Gesunder Schlaf – von globaler zu lokaler Schlaf-Wach-Regulation
Klassische Modelle der Schlaf-Wach-Regulation gingen von klar getrennten Zuständen aus. Schlaf und Wachheit wurden als global organisierte Zustände verstanden. Neuere neurobiologische Forschung stellt dieses dichotome Modell infrage.Zahlreiche tierexperimentelle Arbeiten und Studien am Menschen zeigen, dass Elemente von Schlaf und Wachheit im Gehirn koexistieren können. Insbesondere im Non-REM-Schlaf finden sich kortikale Inseln von Wachaktivität.

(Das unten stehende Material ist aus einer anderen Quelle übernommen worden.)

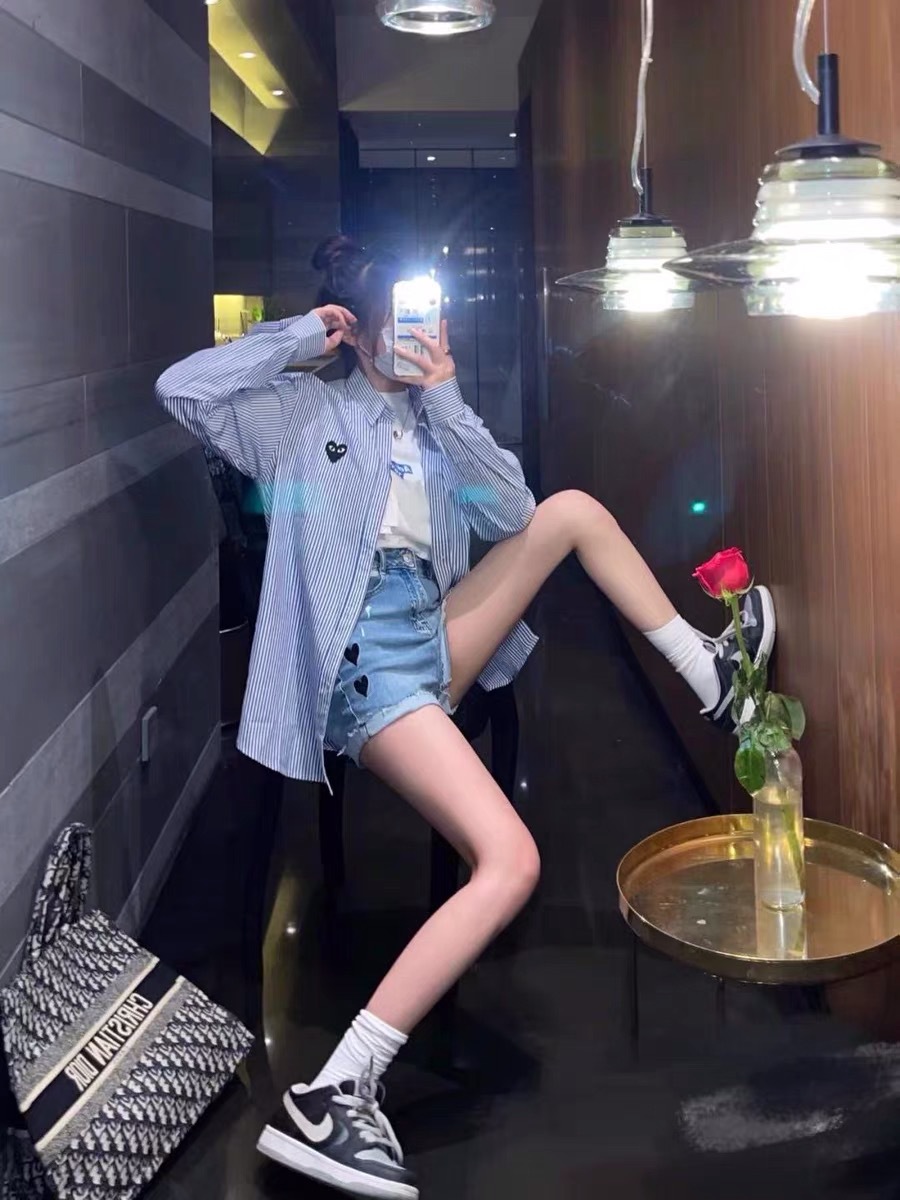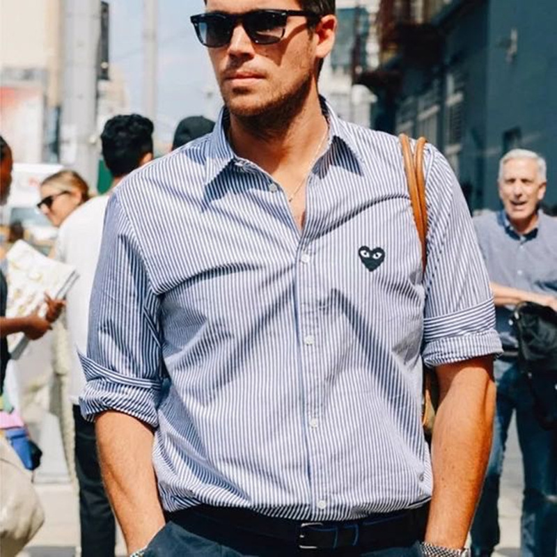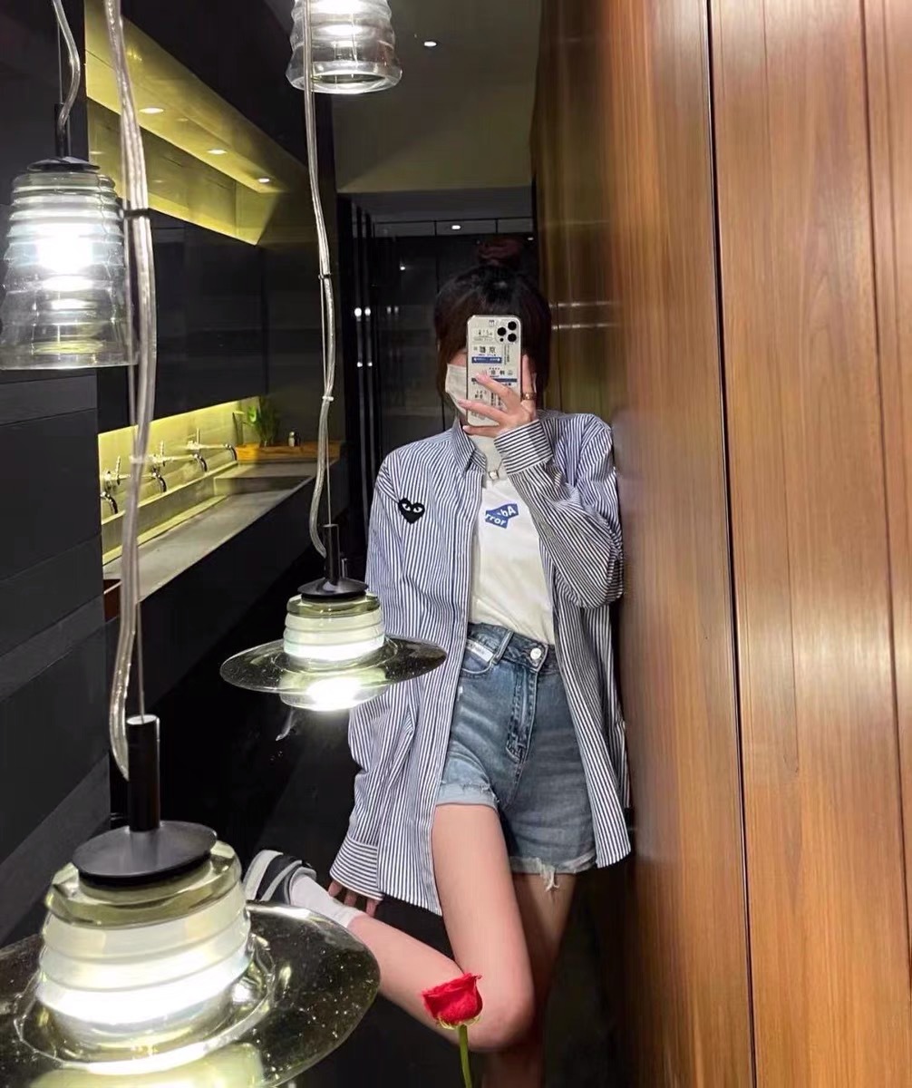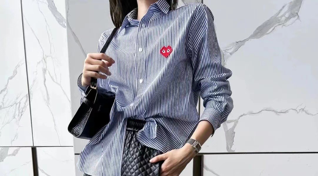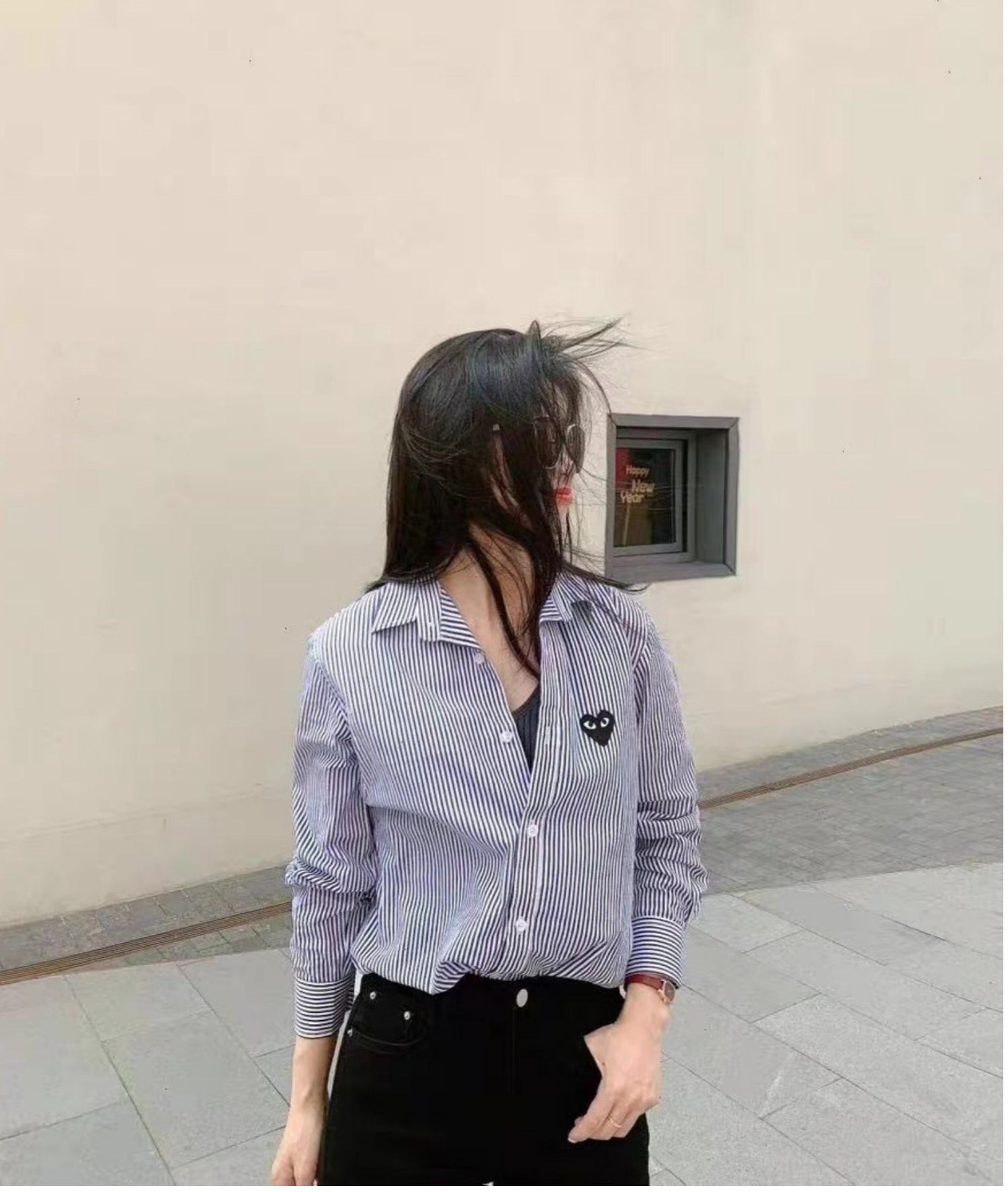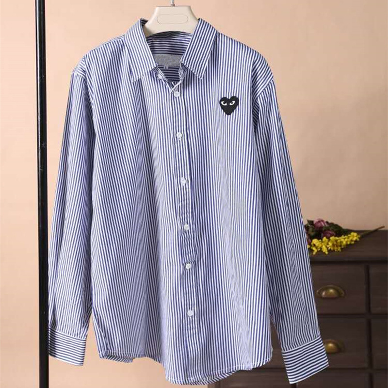 파란색과 흰색 줄무늬 셔츠 보링 자수 재킷 남녀 공용 순면 플레이 긴팔 이너웨어 셔츠 카오쿠 셔츠스토어 가기
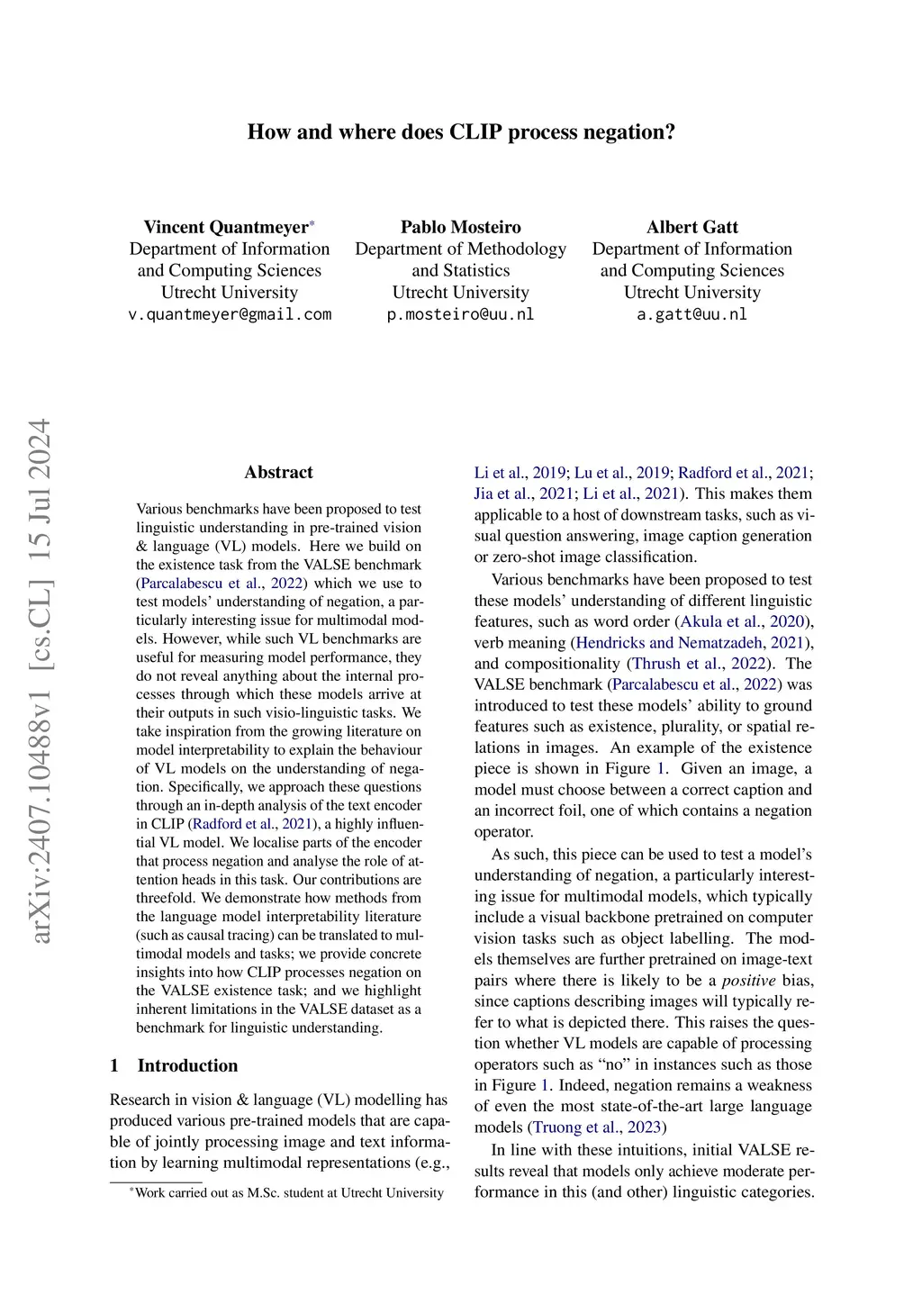 Various benchmarks have been proposed to test linguistic understanding in pre-trained vision \& language (VL) models. Here we build on the existence task from the VALSE benchmark (Parcalabescu et al, 2022) which we use to test models' understanding of negation, a particularly interesting issue for multimodal models. However, while such VL benchmarks are useful for measuring model performance, they do not reveal anything about the internal processes through which these models arrive at their outputs in such visio-linguistic tasks. We take inspiration from the growing literature on model interpretability to explain the behaviour of VL models on the understanding of negation. Specifically, we approach these questions through an in-depth analysis of the text encoder in CLIP (Radford et al, 2021), a highly influential VL model. We localise parts of the encoder that process negation and analyse the role of attention heads in this task. Our contributions are threefold. We demonstrate how methods from the language model interpretability literature (such as causal tracing) can be translated to multimodal models and tasks; we provide concrete insights into how CLIP processes negation on the VALSE existence task; and we highlight inherent limitations in the VALSE dataset as a benchmark for linguistic understanding.
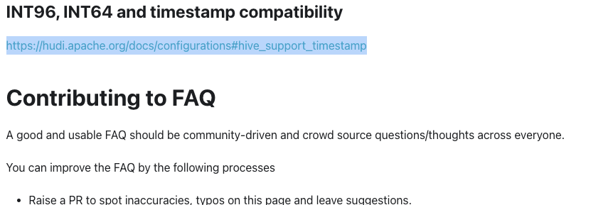 I do think there are some.  e.g https://hudi.apache.org/docs/configurations#hive_support_timestamp instead of https://hudi.apache.org/docs/configurations/#hoodiedatasourcehive_syncsupport_timestamp -- This is an automated message from the Apache Git Service. To respond to the message, please log on to GitHub and use the URL above to go to the specific comment. To unsubscribe, e-mail: [email protected] For queries about this service, please contact Infrastructure at: [email protected]
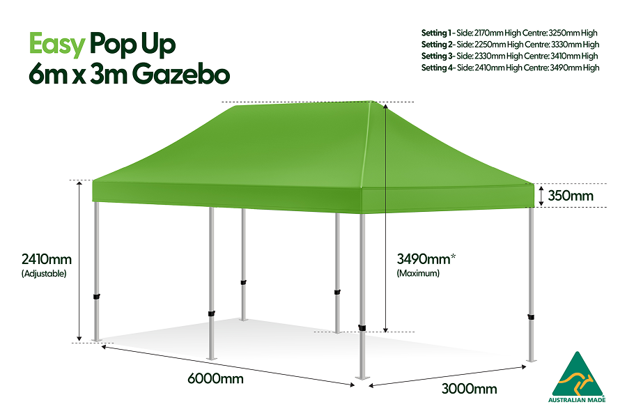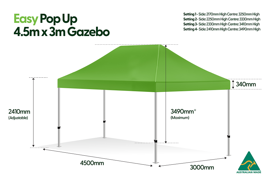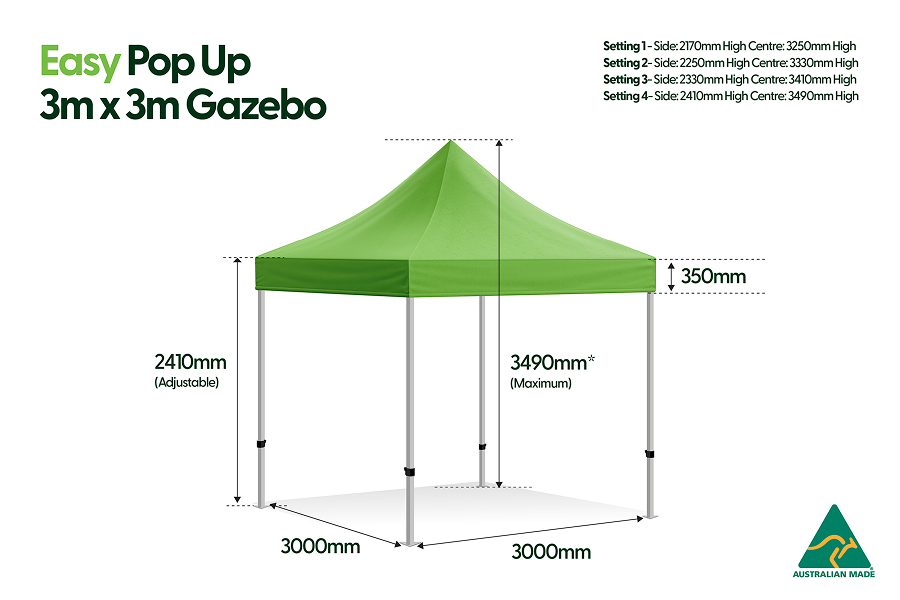 The Pop Up Gazebos have 4 adjustable height settings. Measurements below show side height (bottom to top of vertical posts) and centre height (floor to top of canopy)
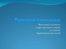 Тепловое излучение Выполнила студентка 2 курса института химии
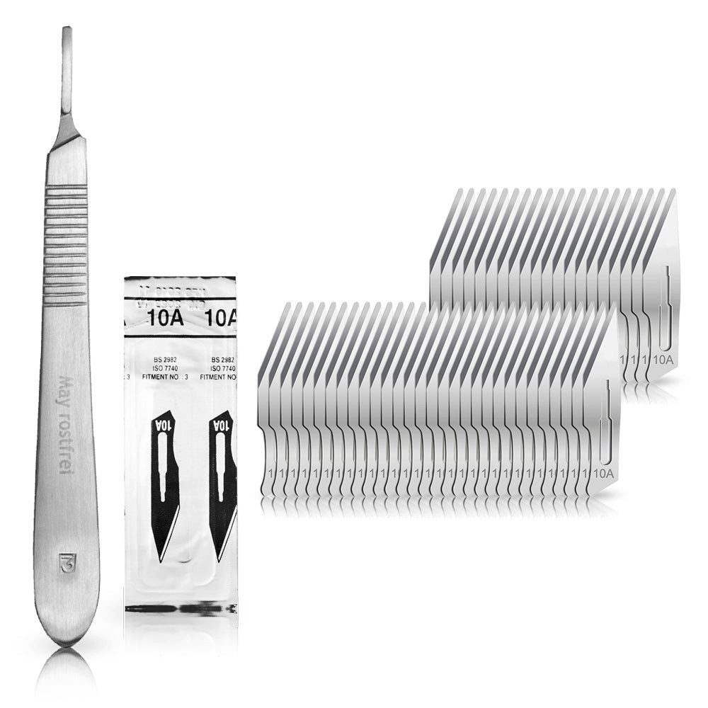 May Bastelmesserklinge Set Bastelmesser mit Hobby-Skalpellgriff aus Edelstahl und 50 Stück

Diese lokalen Wachphänomene sind physiologisch und treten auch bei gesunden Menschen auf.5
Klinisch ist dies von grosser Bedeutung, da das subjektive Erleben von Wachheit im Schlaf auch bei gesunden Menschen auftritt und nicht pathologisch ist. Das Gefühl, «wach zu sein», kann Ausdruck lokaler wachähnlicher Hirnaktivität im Schlaf sein und ist nicht mit objektivem Schlafmangel gleichzusetzen.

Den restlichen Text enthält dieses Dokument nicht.